The cost of these breaches extends beyond data loss to the erosion of trust in open-source ecosystems. By weaponizing legitimate tools like Google Docs Offline extensions and WMI-based hardware detection, GlassWorm creates a persistent threat that is difficult to distinguish from standard administrative activity, requiring specialized scanning tools like glassworm-hunter to detect local artifacts.
Key Insights
- GlassWorm uses Solana blockchain memos to hide C2 server addresses (45.32.150[.]251), as reported by Aikido researcher Ilyas Makari in 2026.
- The campaign utilizes a public Google Calendar event URL as a dead drop resolver to fetch its final Websocket-based JavaScript RAT payload.

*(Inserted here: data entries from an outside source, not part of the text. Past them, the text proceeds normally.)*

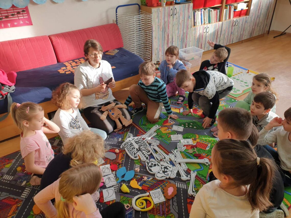 zaslouží obdiv z plných plic. Vysypat ve třídě hromadu kostí na koberec aniž by způsobila paniku, to dokáže Kamila Cermanová, expertka na 1. pomoc. V lehkosti, pečlivě a hravě ukázala prvňáčkům, jak to chodí a běží v našich tělech. Tepající srdce všichni sledovali jako omámení a vzápětí kontrolovali to svoje. Dokázali společně poskládat orgány na pravá místa a nezapomněli ani na jeden obratel. Vrcholem dopoledne byl ledvinový pokus a pár velkých snů o studiu lékařství:). Tělověda je zachycena tady.
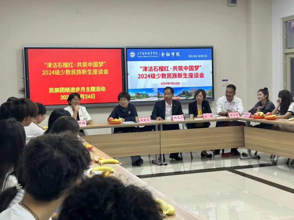 為深入學習貫徹黨的二十屆三中全會精神,學習落實習近平總書記關于加強和改進民族工作的重要思想,進一步鑄牢中華民族共同體意識,慶祝中華人民共和國成立75周年華誕,加強各民族師生之間的深厚感情,幫助少數民族新生更進一步融入校園生活,系好大學生涯的“第一粒扣子”,圍繞“津沽石榴紅·共筑中國夢”民族團結進步月活動主題,黨委統戰部牽頭,金融學院組織召開2024級少數民族新生座談會。黨委委員、副校長楊冠聲參加座談。
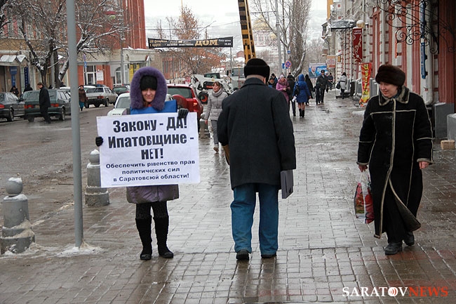 Всего участников пикета оказалось около 10 человек. Каждый встал вокруг здания облправительства на некотором расстоянии друг от друга с различными плакатами, характеризующими негодование политикой Павла Ипатова. В частности были призывы: "Ипатова в отставку!", "Закону - да! Ипатовщине - нет! Обеспечить равенство прав политических сил в Саратовской области", "Власть пора менять" и т.п.

- The .NET stage-three binary leverages Windows Management Instrumentation (WMI) to detect USB connections for Ledger and Trezor hardware wallets to initiate credential phishing.
- The malware bypasses Google Chrome’s App-Bound Encryption (ABE) to steal sensitive session tokens and browser history for up to 5,000 entries.
- Attackers have expanded into the AI ecosystem by impersonating WaterCrawl Model Context Protocol (MCP) servers to distribute payloads via the @iflow-mcp/watercrawl-watercrawl-mcp package.
Practical Applications
- Use Case: Developers should utilize the open-source glassworm-hunter Python tool to scan local files for campaign-specific IoCs without triggering network telemetry. Pitfall: Relying on automated update checks for security tools may inadvertently expose system presence to advanced persistent threats.
- Use Case: Security operations should monitor for unauthorized WMI events that specifically poll for hardware IDs related to cryptocurrency Ledger or Trezor devices. Pitfall: Blindly trusting download counts or publisher names on Open VSX and npm can lead to the installation of malicious payloads from compromised maintainer accounts.